# Ti22 Services



## Allblackdup (Oct 17, 2006)

Hi Guys

Just a very quick shout to James at Ti22 Services for giving up a few hours of his time on the weekend to give me some advice and tidy up a few scratches/marks & swirls on my V70 R. 

Due to needing a diesel now, i'm really reluctantly having to sell the R. Its in really good overall condition, but just needed some attention in places where there were a few deep scratches. 

Really good to meet you fella, really learnt a lot and can't thank you enough for helping me out. 

Fingers crossed the car sells soon and hopefully i'll be able to pick up a machine polisher in the future and learn a lot more. 

Cheers

Gaz :thumb:


----------



## mattjonescardiff (Dec 12, 2006)

Car looks really good guys. Nice wheels on that model too. 

Best of luck with the sale Gaz.


----------



## Ti22 (Mar 24, 2009)

Good to meet you on Saturday Gaz, thanks for the thumbs up.

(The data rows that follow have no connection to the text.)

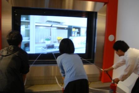 また、他にも体験できるコーナーがあり、火災時、大きな声で火災を知らせるために90デシベル以上声を出し、消火器を使って消火する体験や、煙を吸わないように濡れたハンカチを口に当て、煙は上昇するので出来るだけ身体を低くして煙の部屋から逃げる体験をしました。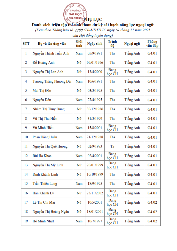 Thông báo tổ chức sát hạch năng lực ngoại ngữ - Kỳ tuyển dụng viên chức năm 2025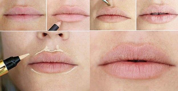 С помощью обычного макияжа можно визуально придать объем и сделать контур, отличный от первоначального. Для этого используют качественные тональные средства для лица, карандаши и помады.
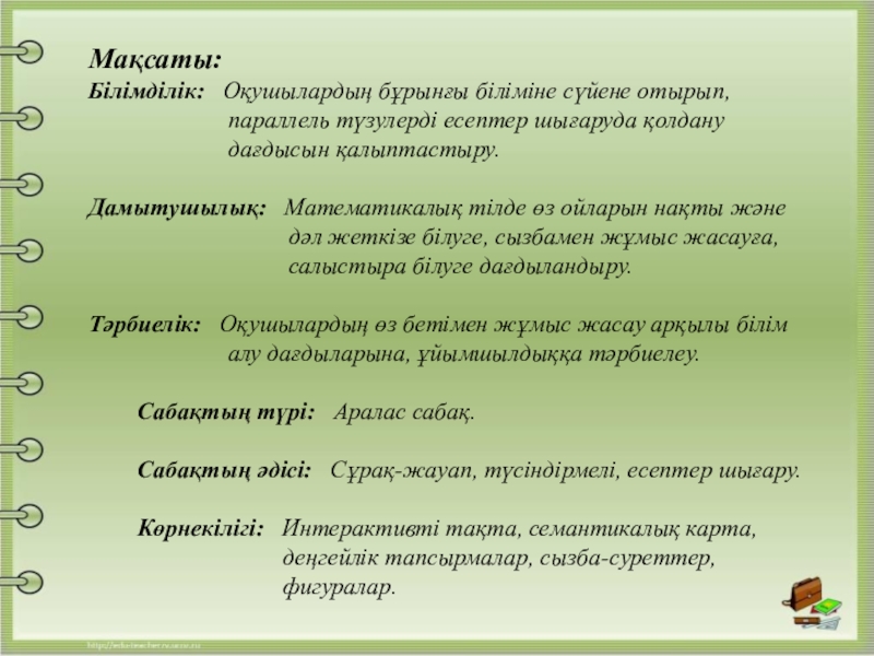 Берілген түзуде жатпайтын бір нүкте арқылы сол түзуге бір ғана параллель түзу жүргізуге болады.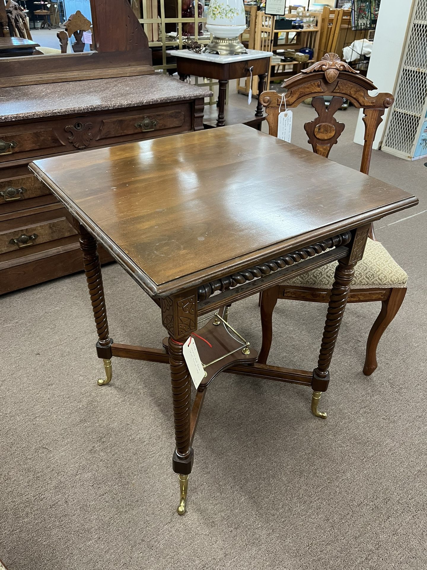 Antique square side table with spiral legs and brass hardware. This can be found in booth D1. See photos for location and other info Measures about: 26” wide, 25” deep, and 30” tall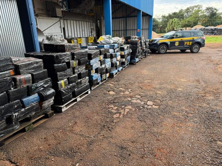 A droga foi encontrada pelos policiais durante a fiscalização e pesada numa empresa em Guaíra.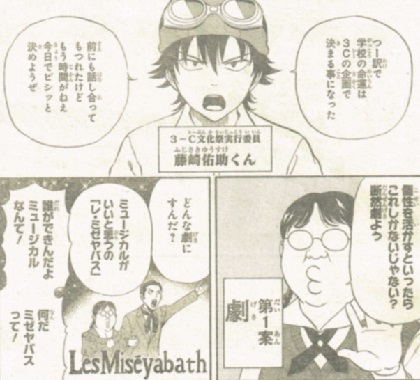 こちらの都合により、3日ぶりの更新となってしまいました。スミマセンm(_ _)m。さて、今週も無事週刊少年ジャンプが発売されましたね。今週号の表紙は、新連載第2弾「無刀ブラック」です。コーヒーの「無糖ブラック」と掛けているのでしょう。・巻頭カラー…無刀ブラック・センターカラー…SOUL CATCHER(S)・黒子のバスケ・斉木楠雄のΨ難・読み切り…魔神のガルド!(最強ジャンプより出張版)・連載終了…新米婦警キルコさん新連載はジャンプNEXTを経て連載。願わくば長続きしてほしいものです。一方、既存の漫画は酷かった。トリコと、特に食戟のソーマ。伸ばそう感全面に出してますね。一応更新はします。グルメ漫画ってネタ尽きそうなイメージ無いけどな…。珍しく辛口コメント書くねと思いましたか?わたし残酷ですわよ。というわけで、今週号も気になった漫画について書いていこうと思います。・SKET DANCE…ボッスンの退学がかかった文化祭のお話。必然的に、新理事長の改革に反対した言い出しっぺがクラスの文化祭実行委員に。テーマは「個性を活かす」文化祭。定番の劇を提案するヤバ沢さん。元生徒会のデージーさんが、全員参加型のゲームを提案。それに合わせ、クイズ大会を提案するエニグマン。全員参加型という前提で、「教室を迷路化」を提案するのは結城さん。お化け屋敷を提案。一日おいて、ボッスンが提案するのは少年たちからヒントを得た「ウォークラリー」。舞台は学校全体。校内に幾つかチェックポイントを設置し、ヒントを頼りに探索するというイベント。・劇・クイズ・ゲーム等の全員参加型イベント・お化け屋敷等の迷路系アトラクション全ての要素を含むことができるイベントを提案。やけくそで纏めるよりかなり合理的ですね。密かにモモカと密会するスイッチ。新理事長の息子を喋らす下りは、やっぱりここの伏線でしたか。こちら葛飾区亀有公園前派出所…今回の話は残念さん(元・北条)がメイン。久しぶりに警察官漫画らしい始まり方。善良な市民からの不審者報告によって捉えた人物は、残念さん。服装は笑えた。警察官の制服でさえ、コスプレに見えるって…。存在感が、中川・麗子と全く正反対の残念。変質者オーラ全開の残念の顔を整形する流れに。整形と言うよりは、全取っ替えの整形。整形の技術ってスゴイですね!整形と言うよりは、特殊メイクじゃね?表面は変えることが出来ても、中身は変えることはなかなか難しいことです。ファッションセンスが酷すぎる笑出身が三重県(関西地方)ということで、大阪通天閣署に紹介される残念。この顔は、お笑いに使えるのか!こんなことが言えるようになった残念さん。変わったなぁ。大阪で人気者に。今後は大阪に転属になるのか?

Hope the sale goes well.. I reckon you can put another few quid on the asking price now!

James


----------



## giarc (Feb 8, 2006)

Looks good mate! I have been meaning to call in his shop for a cuppa as I'm only 10 minutes up the road, but work's a killer lately!


----------



## Ti22 (Mar 24, 2009)

The kettle's always hot! (the switch is broken.. )


----------